Goal of the exercise
Transcribe the entries that follow exactly as they appear, minus pictures.

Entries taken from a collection
-*-
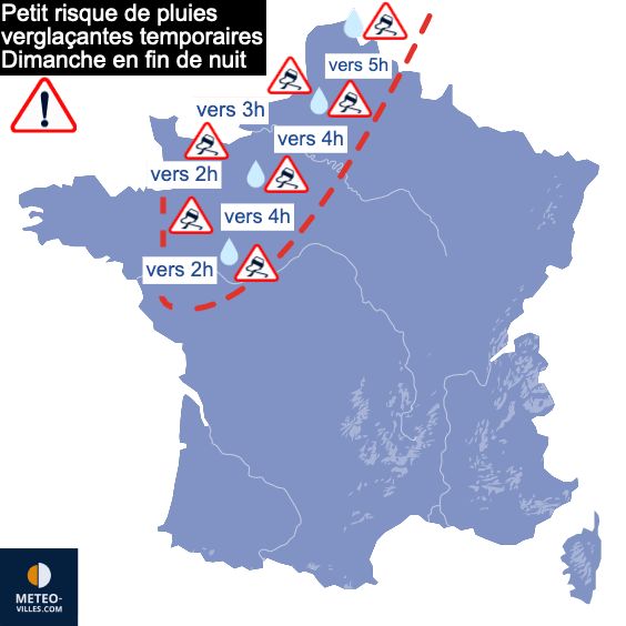 Avant d’expliquer ce phénomène, sachez que le risque sera de nouveau présent en cours de nuit ou tout début de matinée de dimanche, lorsque l’air doux d’origine océanique reprendra le dessus par l’ouest. À l’arrivée de la perturbation, les pluies tomberont sur des sols froids avec des température parfois inférieures à 0°C, engendrant des formations de glace par endroit entre les Pays de la Loire, la Normandie, les Hauts-de-France et Île-de-France.
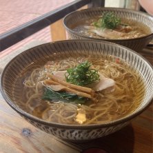 大雨上がりの鎌倉は、ムシムシ ジメジメ。 汗ばみながら、散鎌しているところ「すだちそば」の看板に惹きつけられて、初めてのお店を訪問。看板も無く、和風のおしゃれな構えでお店の中に入ると和風だしの良い香りが漂います。 すだちの薄切りと大根おろしが載ったシンプルなどんぶり。スープを飲むと「❓」、麺を食べるとさらに「❓❓❓」。お蕎麦屋さんと思って入ったら、ラーメンが出てきた😲 とはいえ、スープはしっかり和風だしが効いていて、麺の歯応え喉越しが良く大変美味しくてスープまで完飲しました★
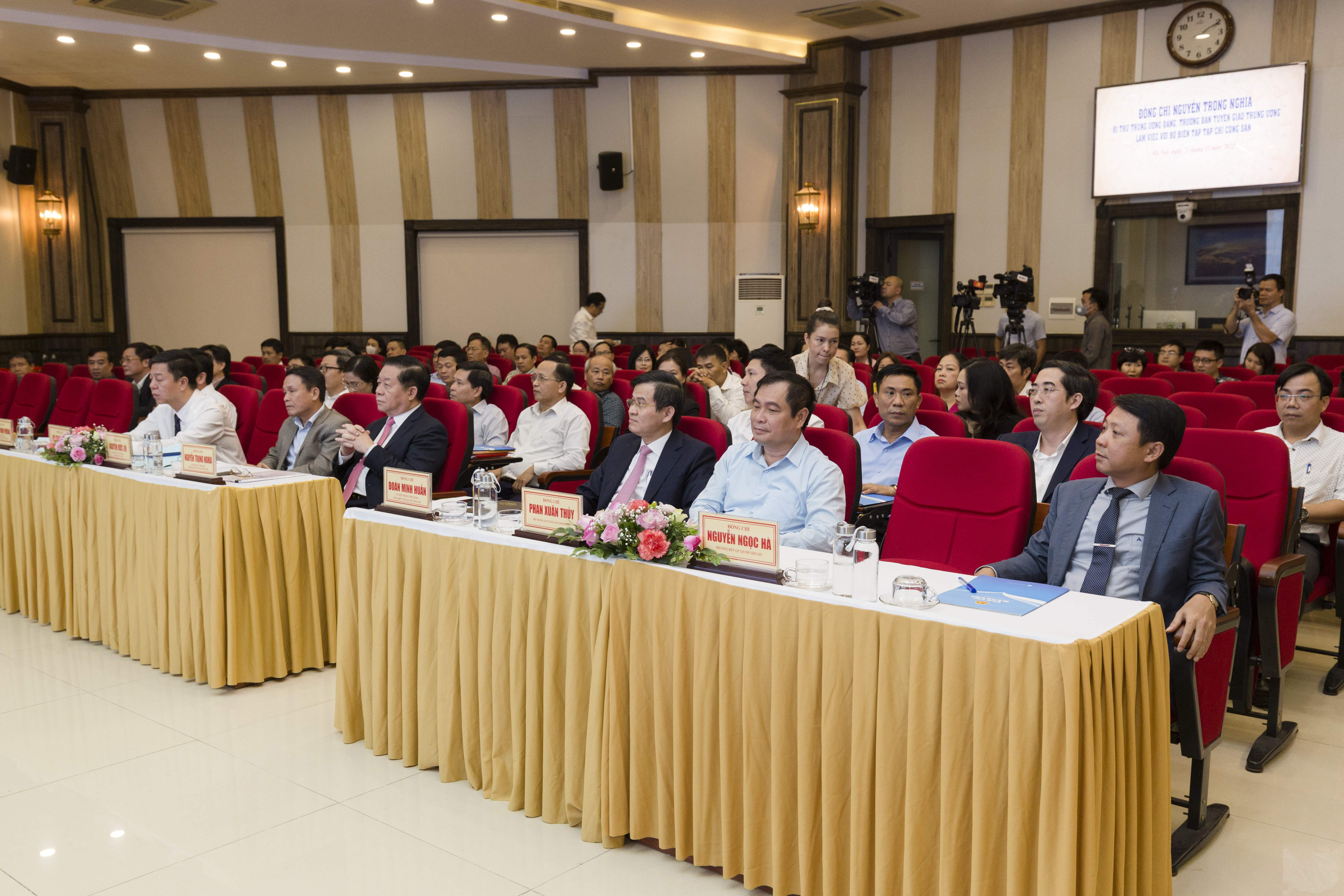 Đón tiếp Đoàn công tác của Ban Tuyên giáo Trung ương, về phía lãnh đạo Bộ Biên tập Tạp chí Cộng sản có Ủy viên Trung ương Đảng, Tổng Biên tập Tạp chí Cộng sản, PGS, TS. Đoàn Minh Huấn; Phó Tổng Biên tập Tạp chí Cộng sản, PGS, TS. Nguyễn Ngọc Hà; Phó Tổng Biên tập Tạp chí Cộng sản, PGS, TS. Vũ Trọng Lâm; cùng các đồng chí Ủy viên Ban Biên tập, trưởng, phó các đơn vị, toàn thể biên tập viên, nhân viên của Tạp chí Cộng sản. Cùng dự còn có các đồng chí lãnh đạo, đại diện các đơn vị của Ban Tuyên giáo Trung ương, Ban Đối ngoại Trung ương, Tập Đoàn Công nghiệp - Viễn thông Quân đội (Viettel), Công ty Phát hành báo chí Trung ương...
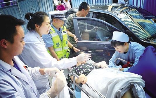 15日16时20分许,一辆云F牌照车急停在昆楚大队昆明西警务站,从车上冲出一名男子,焦急地对执勤民警说:“我媳妇在车上生娃娃了,现在大出血,求求你们救救我媳妇和娃娃。”昆楚大队内勤中队负责人李万江得知情况,迅速安排执法站民警驾驶警车开道,带领男子火速赶往云南省第一人民医院。
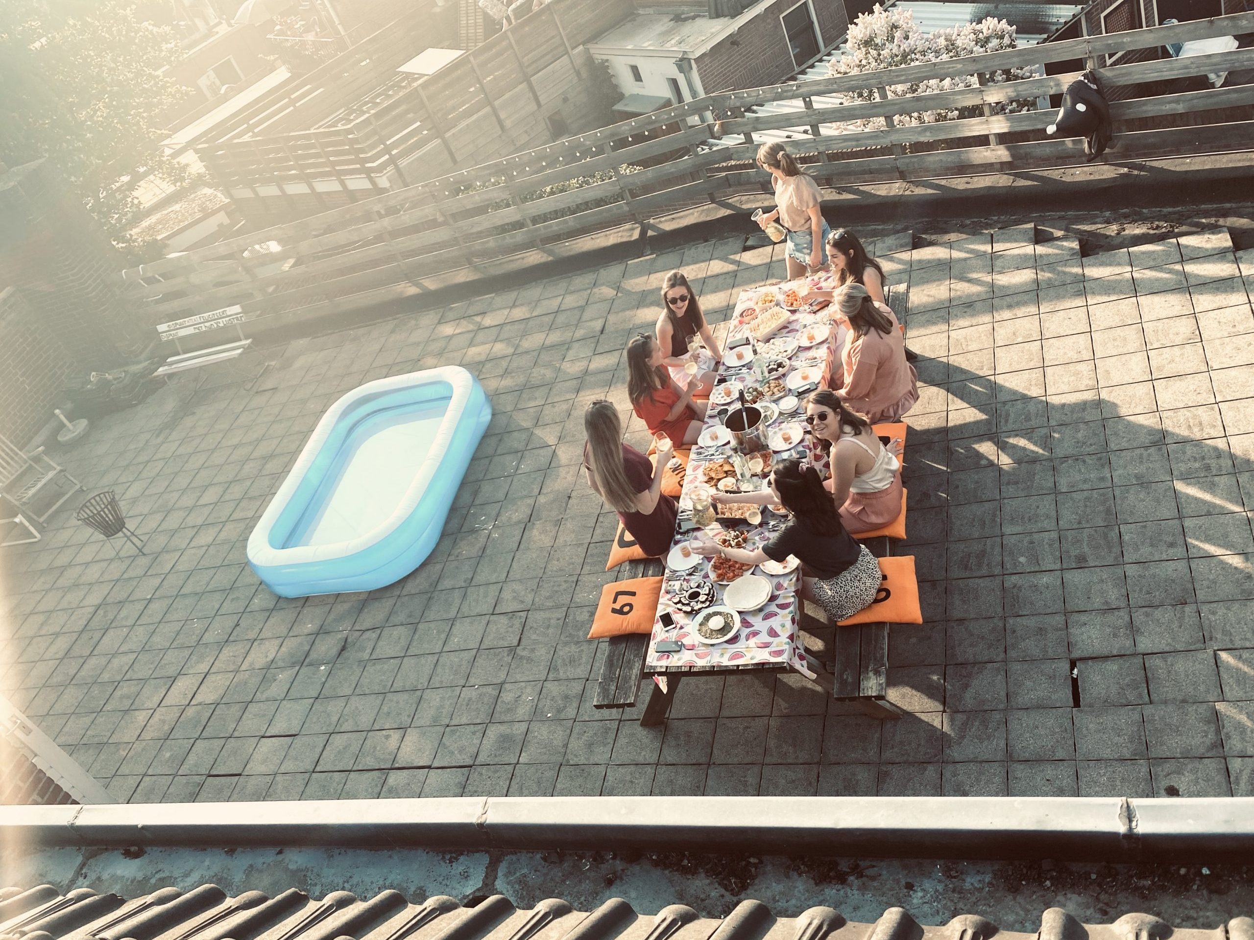 De parel is gezegend met een dakterras van maar liefst 60m2 en ligt de hele dag in de zon! Bakken en braden doen we niet alleen in de zon, maar ook op de BBQ! Elke zomer zetten we een zwembadje op zodat we lekker kunnen afkoelen (met een wijntje in de hand). Verder is ons terras voorzien van een chille loungeset en picknicktafels zodat we lekker buiten kunnen eten.
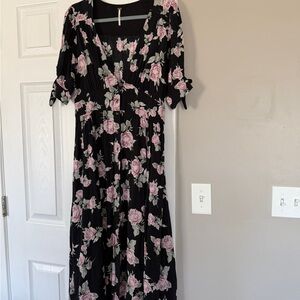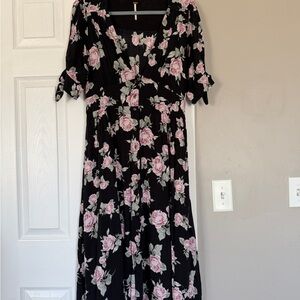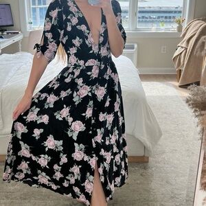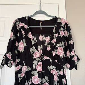 Free People Floral Button Down Midi Maxi Dress Flowy Boho Summer
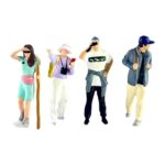 Qialexicon 1/64スケールジオラマフィギュア4体、キャラクターキャンプフィギュア、手描きミニチュアシーン、男の子女の子向け、子供ギフト |
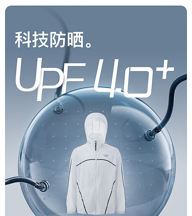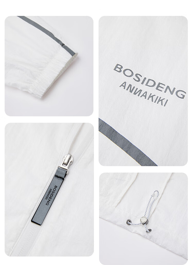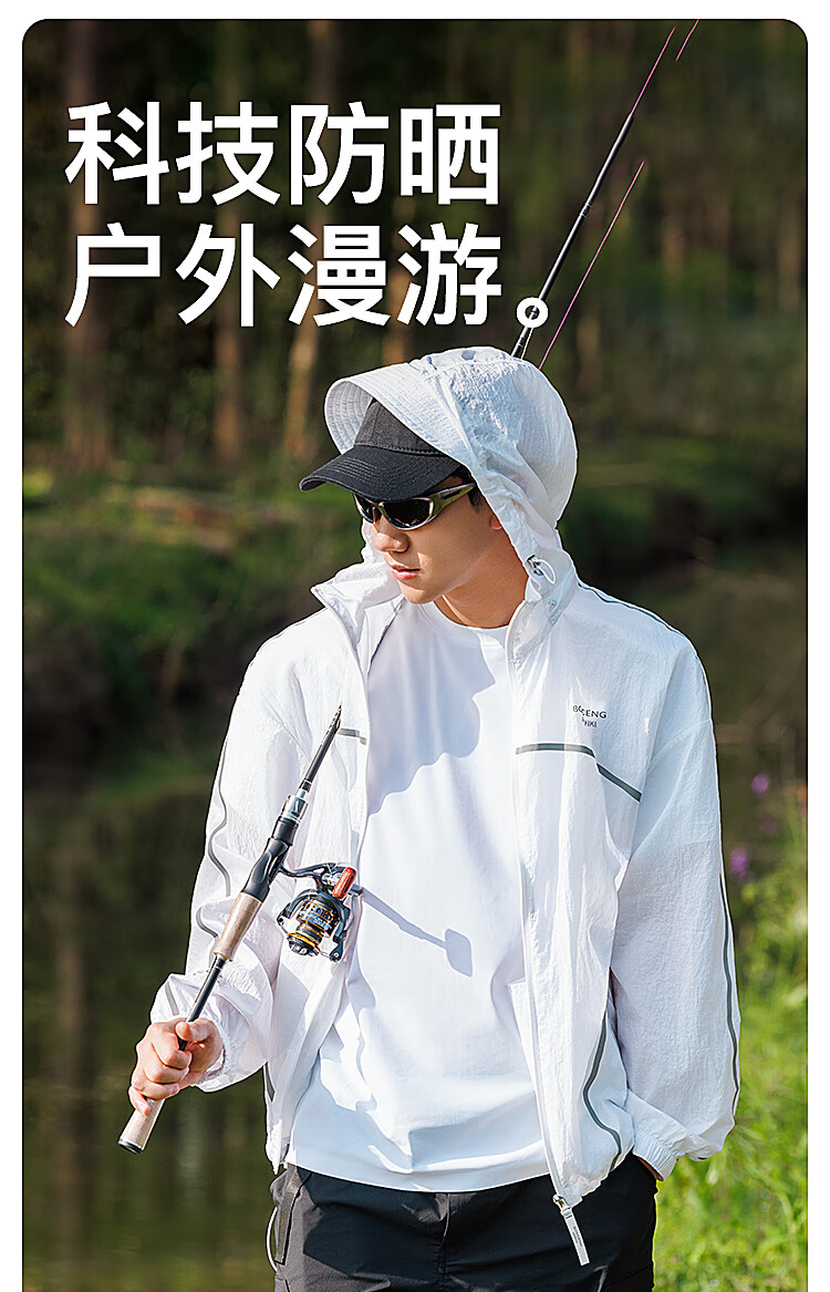 Bosideng (BOSIDENG) sun protection clothing men's summer outdoor fishing clothing contrasting color stripes windy wave grain breathable and cool jacket daylight white 8148 XL 185/104A
-*-
Exercise response
 Avant d’expliquer ce phénomène, sachez que le risque sera de nouveau présent en cours de nuit ou tout début de matinée de dimanche, lorsque l’air doux d’origine océanique reprendra le dessus par l’ouest. À l’arrivée de la perturbation, les pluies tomberont sur des sols froids avec des température parfois inférieures à 0°C, engendrant des formations de glace par endroit entre les Pays de la Loire, la Normandie, les Hauts-de-France et Île-de-France.
 大雨上がりの鎌倉は、ムシムシ ジメジメ。 汗ばみながら、散鎌しているところ「すだちそば」の看板に惹きつけられて、初めてのお店を訪問。看板も無く、和風のおしゃれな構えでお店の中に入ると和風だしの良い香りが漂います。 すだちの薄切りと大根おろしが載ったシンプルなどんぶり。スープを飲むと「❓」、麺を食べるとさらに「❓❓❓」。お蕎麦屋さんと思って入ったら、ラーメンが出てきた😲 とはいえ、スープはしっかり和風だしが効いていて、麺の歯応え喉越しが良く大変美味しくてスープまで完飲しました★
 Đón tiếp Đoàn công tác của Ban Tuyên giáo Trung ương, về phía lãnh đạo Bộ Biên tập Tạp chí Cộng sản có Ủy viên Trung ương Đảng, Tổng Biên tập Tạp chí Cộng sản, PGS, TS. Đoàn Minh Huấn; Phó Tổng Biên tập Tạp chí Cộng sản, PGS, TS. Nguyễn Ngọc Hà; Phó Tổng Biên tập Tạp chí Cộng sản, PGS, TS. Vũ Trọng Lâm; cùng các đồng chí Ủy viên Ban Biên tập, trưởng, phó các đơn vị, toàn thể biên tập viên, nhân viên của Tạp chí Cộng sản. Cùng dự còn có các đồng chí lãnh đạo, đại diện các đơn vị của Ban Tuyên giáo Trung ương, Ban Đối ngoại Trung ương, Tập Đoàn Công nghiệp - Viễn thông Quân đội (Viettel), Công ty Phát hành báo chí Trung ương...
 15日16时20分许,一辆云F牌照车急停在昆楚大队昆明西警务站,从车上冲出一名男子,焦急地对执勤民警说:“我媳妇在车上生娃娃了,现在大出血,求求你们救救我媳妇和娃娃。”昆楚大队内勤中队负责人李万江得知情况,迅速安排执法站民警驾驶警车开道,带领男子火速赶往云南省第一人民医院。
 De parel is gezegend met een dakterras van maar liefst 60m2 en ligt de hele dag in de zon! Bakken en braden doen we niet alleen in de zon, maar ook op de BBQ! Elke zomer zetten we een zwembadje op zodat we lekker kunnen afkoelen (met een wijntje in de hand). Verder is ons terras voorzien van een chille loungeset en picknicktafels zodat we lekker buiten kunnen eten.
 Free People Floral Button Down Midi Maxi Dress Flowy Boho Summer
 Qialexicon 1/64スケールジオラマフィギュア4体、キャラクターキャンプフィギュア、手描きミニチュアシーン、男の子女の子向け、子供ギフト |
 Bosideng (BOSIDENG) sun protection clothing men's summer outdoor fishing clothing contrasting color stripes windy wave grain breathable and cool jacket daylight white 8148 XL 185/104A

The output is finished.